Each of these elements are vital to creating a good design for a website that is not only easy to look at, but emphasizes what that particular website is about. Again, these videos didn’t really make me deal with a certain Adobe program like Illustrator or InDesign. Instead it went through important information to consider when creating a design for a website, so I’ll focus on the things that I found interesting.

While color is one of the biggest ways to make your statement of the type of website you wish to represent, I found it interesting that it’s best to work in gray and white before actually putting it into color. Developing some of the main components for the website, such as layout, which will have white space, form and shape, then moving on to typography is very important before deciding what color schemes the website needs.
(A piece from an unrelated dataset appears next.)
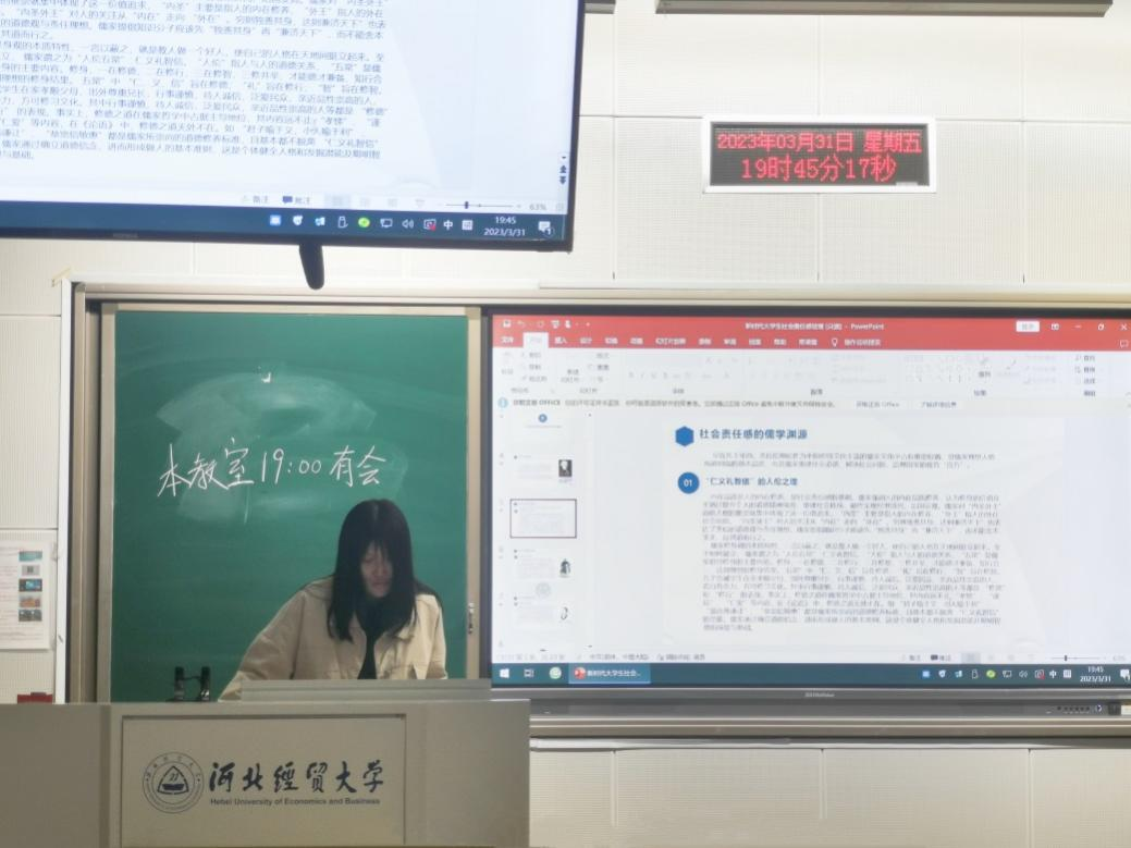 3月31日晚,我院“践行二十大,学‘习’讲故事”学习贯彻二十大精神系列活动第三期在北三教A104举行。系列活动第三期以“社会责任感”为主题,共有四位主讲人参与主讲,第四讲主讲人为2021级马克思主义理论专业研究生胡欣梦,主讲题目为《新时代大学生社会责任感培育》。全院59名研究生参加了此次活动。

That said, the color will help set the mood for a website, because each color can evoke a certain emotion.


You can combine these colors however you need by using the color wheel. the color wheel, of course, contains your Primary colors, the Secondary colors and also the tertiary colors (which is your primary colors combined with the secondary).


You also have tints (any color + white) and shades (any color + black), which all combine to make up your color wheel.
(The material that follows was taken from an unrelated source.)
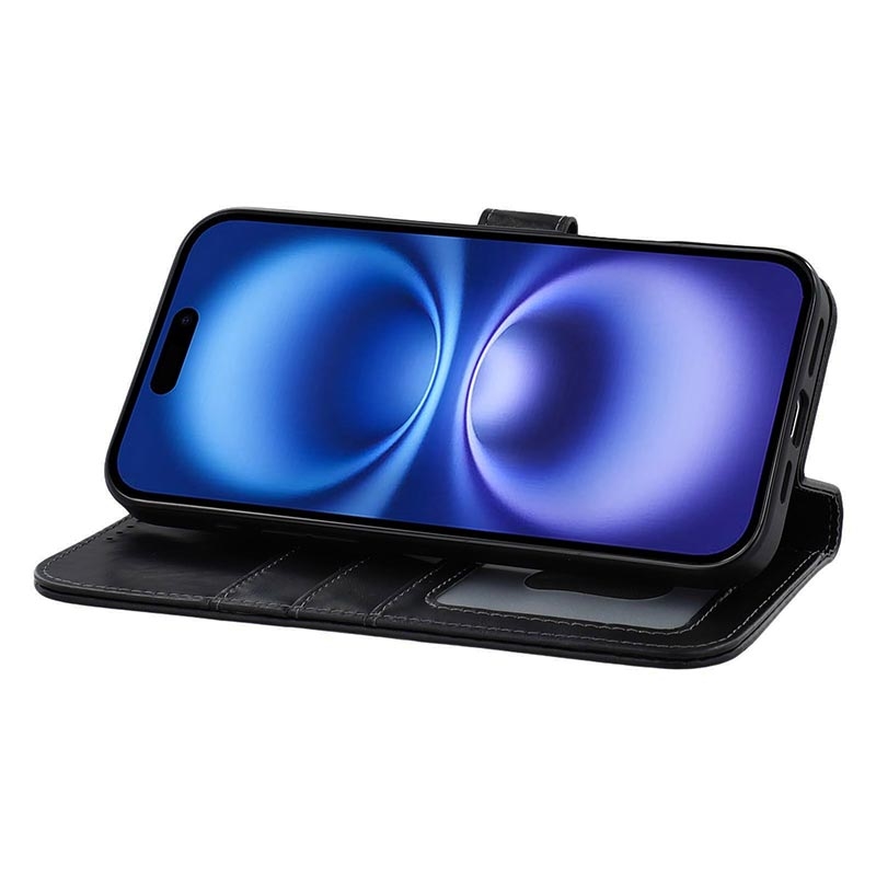 Capa de couro para carteira MyTPhone CardMate Premium para iPhone 17 - Suporte de pé, suporte para cartões, suporte para carregamento sem fios, 2 protecções de ecrã

Adobe Color CC is a good way to create your own color schemes for your website if needed.

Day 59 – MRF Logo (project contd.)

So yesterday, I mentioned that I was having trouble with my font not being able to embed because, for what ever reason, the creator decided that the font could only be used for commercial use if you received permission despite it saying that it was 100% free.
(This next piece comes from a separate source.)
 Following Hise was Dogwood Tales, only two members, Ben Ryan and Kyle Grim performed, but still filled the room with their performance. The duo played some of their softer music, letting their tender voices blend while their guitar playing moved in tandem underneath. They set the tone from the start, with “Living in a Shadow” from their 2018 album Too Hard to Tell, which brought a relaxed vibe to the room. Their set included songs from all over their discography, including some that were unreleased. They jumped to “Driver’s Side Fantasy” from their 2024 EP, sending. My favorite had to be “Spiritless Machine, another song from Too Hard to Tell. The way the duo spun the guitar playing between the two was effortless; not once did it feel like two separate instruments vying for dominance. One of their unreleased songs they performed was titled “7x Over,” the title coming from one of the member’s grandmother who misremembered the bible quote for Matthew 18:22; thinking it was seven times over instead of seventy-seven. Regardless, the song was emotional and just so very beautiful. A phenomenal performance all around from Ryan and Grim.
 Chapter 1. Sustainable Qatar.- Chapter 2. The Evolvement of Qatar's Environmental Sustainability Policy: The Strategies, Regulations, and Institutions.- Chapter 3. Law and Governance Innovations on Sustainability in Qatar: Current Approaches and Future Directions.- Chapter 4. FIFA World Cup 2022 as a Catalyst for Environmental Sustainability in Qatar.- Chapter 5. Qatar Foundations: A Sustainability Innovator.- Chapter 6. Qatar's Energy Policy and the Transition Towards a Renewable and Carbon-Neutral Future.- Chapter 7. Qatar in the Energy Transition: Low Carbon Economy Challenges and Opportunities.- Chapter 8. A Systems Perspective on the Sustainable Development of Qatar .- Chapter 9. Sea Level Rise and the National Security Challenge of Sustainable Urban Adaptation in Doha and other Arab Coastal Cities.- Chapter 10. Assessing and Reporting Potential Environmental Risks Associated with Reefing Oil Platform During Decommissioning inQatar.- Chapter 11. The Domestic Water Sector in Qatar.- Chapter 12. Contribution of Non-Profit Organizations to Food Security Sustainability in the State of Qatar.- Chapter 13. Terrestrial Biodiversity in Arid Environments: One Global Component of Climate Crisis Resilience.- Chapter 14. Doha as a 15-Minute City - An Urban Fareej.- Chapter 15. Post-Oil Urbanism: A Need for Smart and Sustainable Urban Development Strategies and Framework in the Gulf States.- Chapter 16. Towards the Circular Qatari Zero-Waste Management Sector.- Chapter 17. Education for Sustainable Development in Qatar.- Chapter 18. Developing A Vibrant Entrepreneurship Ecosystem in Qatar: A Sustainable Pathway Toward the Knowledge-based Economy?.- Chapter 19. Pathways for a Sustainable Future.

Instead, I used a font called Aero at 117 pt size font. Also, after reviewing the logo further, I really didn’t like the arrow, so I deleted the triangle, and decided to use only the stroke lines. I positioned the strokes above and below the “MRF”, with “Services” underneath, then added two dashed lines to the sides in the middle.


I used the star tool to then add three stars in the pasteboard to position them, size and give them a color before adding them to the logo. I applied a bigger star, then added one smaller to the right before rotating slightly. I copied (command+c) then pasted (command+v) before right-clicking on that start to reflect it horizontally before playing it to the left of the other two stars.

After, I grouped them together (command+g) before placing them in the logo.


I decided to change the color of the stars to red before finishing.


Finally, I selected the entire logo, copied it, then created a new document before pasting my logo on that. With that “new” logo created Outlines under the Type menu so that the font would be outline paths. The reason I created a new document to do this is so that if I need to make challenges I can go back to the original file to make any changes I need.

Day 58 – MRF Logo (project)

Today we started working on creating a logo for MRF Services with a few parameters given, but other than that a lot of freedom in creating it.

First, the logo needs to be an oval shape with red and white for the main color scheme.

I started with the ellipses tool to form the oval outline of the logo with a red stroke. I then used the “Offset Path…” under the Object menu by scrolling down to Path. Using this I could create another red stroke. I created one more, this time with a white stroke before filling the outlines with red.


I then used the text tool on the paste board typing “MRF” and then “Services.” Initially, I used a font I found from called “Add City Boy,” however, I’m going to have to change that because some creators have weird copyright policies even if they say 100% free next to their created fonts. I will have to use a different font so that it will be able to be embedded with the logo. I gave the font a red fill with light-gray stroke with a 100 pt size.

I later increased the size of the text so that there wasn’t so much wasted white space inside the logo.

I then created a stroke with a light-gray color and duplicated to create two of the same size. I created a triangle with the same stroke color to place as an arrow.